TASK PROMPT: Return all the data verbatim but without images.
SUPPLIED INFORMATION Block Start
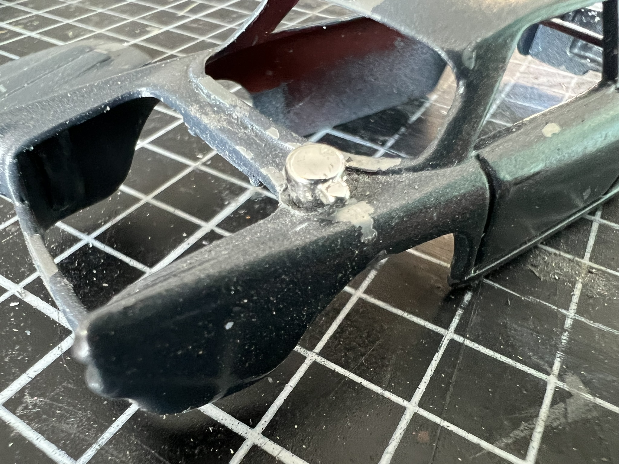 Autant en profiter pour ajouter des détails, comme le bouchon du réservoir, récupéré sur une Tipo 61. Un trou à la Dremel plus tard, ça rentre bien ;-)
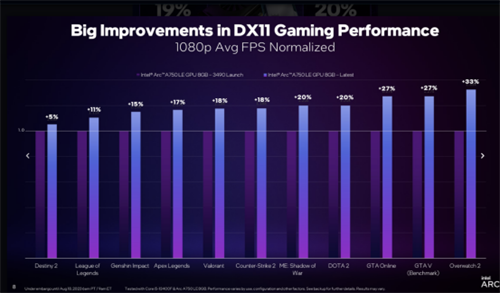 转眼时间来到了8月份,英特尔Game On更是通过累计30多个驱动版本的更新,实现了19%的DX11游戏帧率提升,尤其是《守望先锋2》《DOTA 2》《英雄联盟》等游戏的提升,更是非常明显的,对于A750的用户来讲,能够在2K分辨率下,获得更为流畅丝滑的游戏体验。
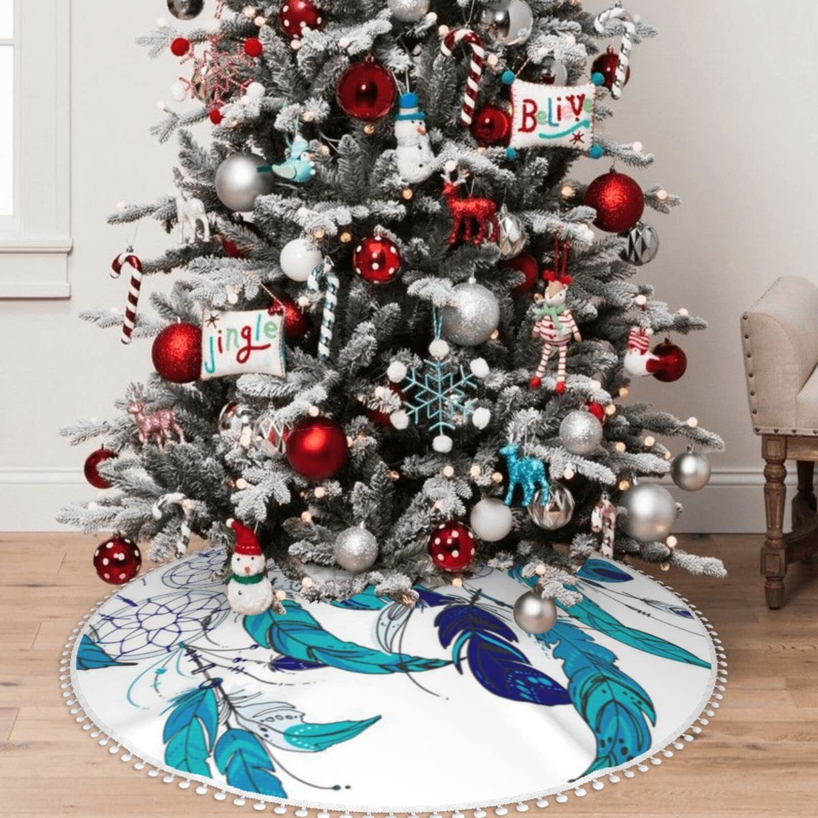 Native christmas tree decorations clearance, EVANEM 30 Christmas Tree Skirt Native American Dream Catcher Christmas Tree Decorations waterproof Xmas Tree Mat with Pom Pom trim for Holiday Christmas Party Rustic Farmhouse Decorations : Amazon.co.uk: Home u0026 Kitchen clearance
SUPPLIED INFORMATION Block End
OUTPUT OF THE TASK:
 Autant en profiter pour ajouter des détails, comme le bouchon du réservoir, récupéré sur une Tipo 61. Un trou à la Dremel plus tard, ça rentre bien ;-)
 转眼时间来到了8月份,英特尔Game On更是通过累计30多个驱动版本的更新,实现了19%的DX11游戏帧率提升,尤其是《守望先锋2》《DOTA 2》《英雄联盟》等游戏的提升,更是非常明显的,对于A750的用户来讲,能够在2K分辨率下,获得更为流畅丝滑的游戏体验。
 Native christmas tree decorations clearance, EVANEM 30 Christmas Tree Skirt Native American Dream Catcher Christmas Tree Decorations waterproof Xmas Tree Mat with Pom Pom trim for Holiday Christmas Party Rustic Farmhouse Decorations : Amazon.co.uk: Home u0026 Kitchen clearance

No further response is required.